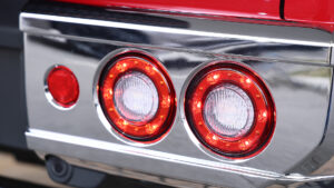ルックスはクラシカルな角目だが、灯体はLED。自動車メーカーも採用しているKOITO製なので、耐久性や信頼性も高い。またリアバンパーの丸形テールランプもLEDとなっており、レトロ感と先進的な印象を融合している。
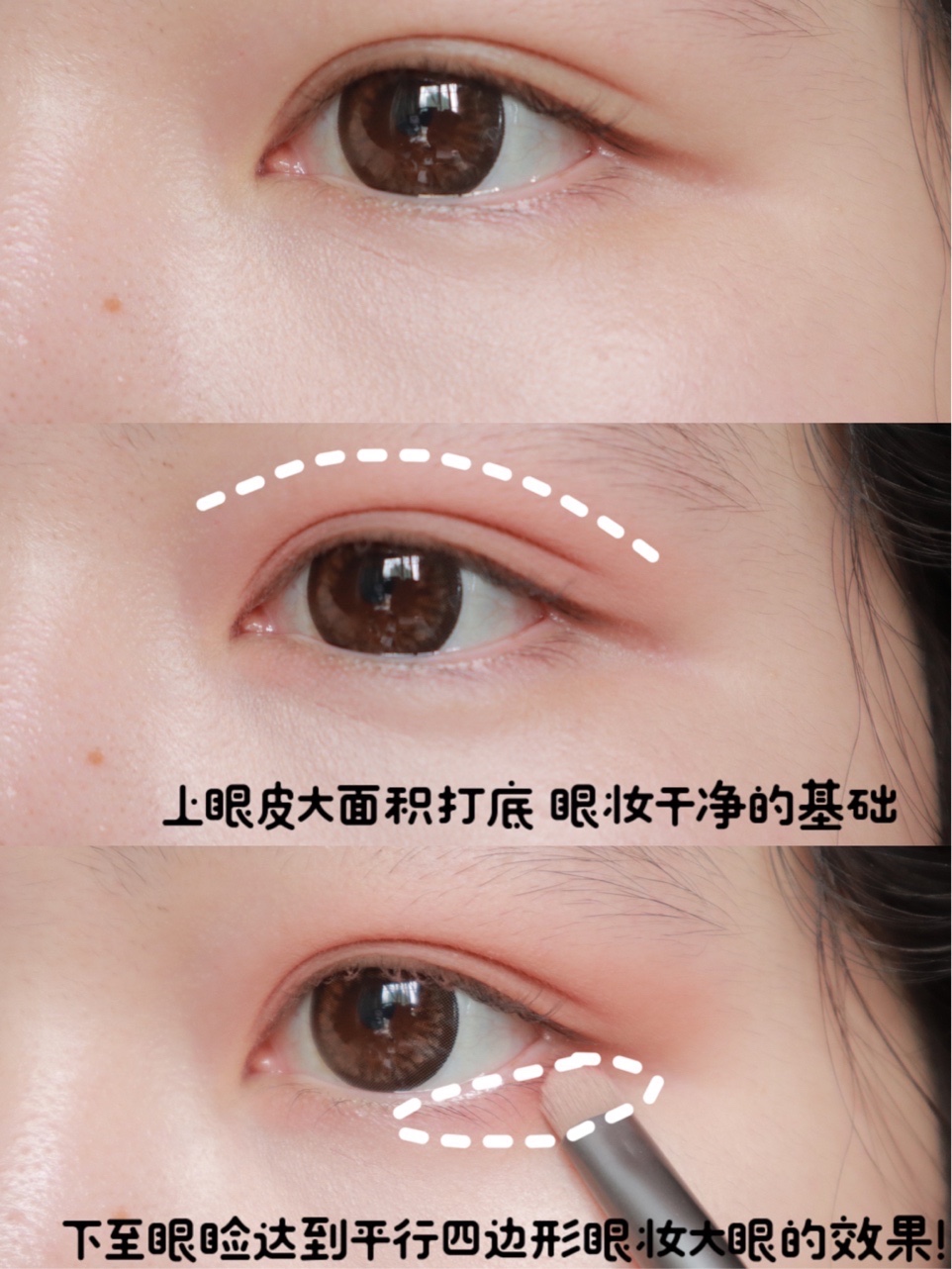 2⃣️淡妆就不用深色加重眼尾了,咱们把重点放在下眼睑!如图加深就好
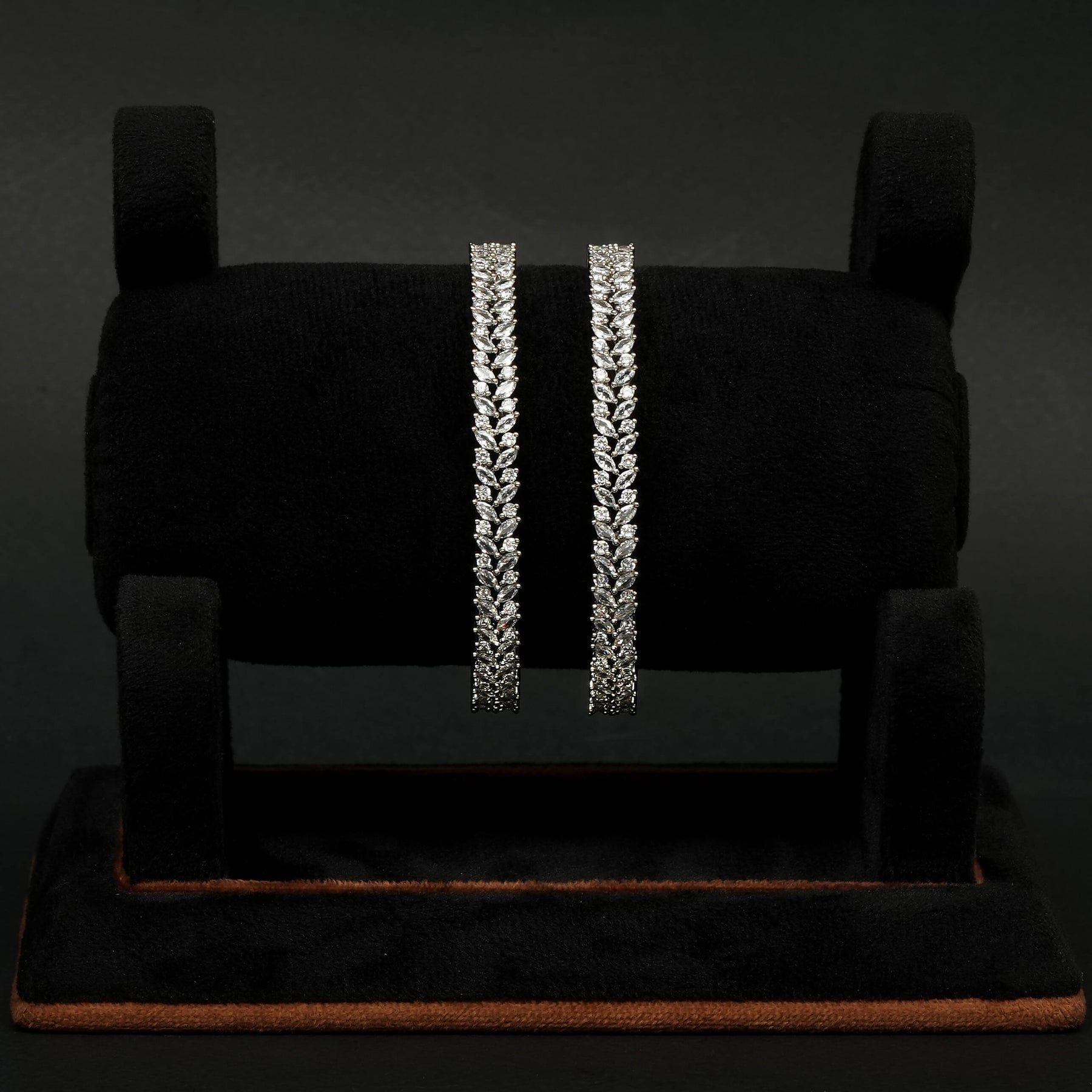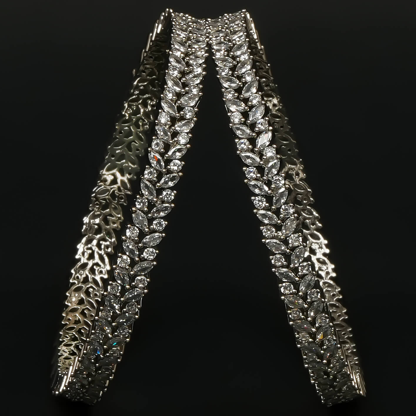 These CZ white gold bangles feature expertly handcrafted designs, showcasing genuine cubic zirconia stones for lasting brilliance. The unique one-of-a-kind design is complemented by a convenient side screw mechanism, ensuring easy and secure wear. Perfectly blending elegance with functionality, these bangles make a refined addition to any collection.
:::::
*Problem details:*
Write out all the material above exactly, with no image carried over.

*Solution for this task:*
ルックスはクラシカルな角目だが、灯体はLED。自動車メーカーも採用しているKOITO製なので、耐久性や信頼性も高い。またリアバンパーの丸形テールランプもLEDとなっており、レトロ感と先進的な印象を融合している。
 2⃣️淡妆就不用深色加重眼尾了,咱们把重点放在下眼睑!如图加深就好
 These CZ white gold bangles feature expertly handcrafted designs, showcasing genuine cubic zirconia stones for lasting brilliance. The unique one-of-a-kind design is complemented by a convenient side screw mechanism, ensuring easy and secure wear. Perfectly blending elegance with functionality, these bangles make a refined addition to any collection.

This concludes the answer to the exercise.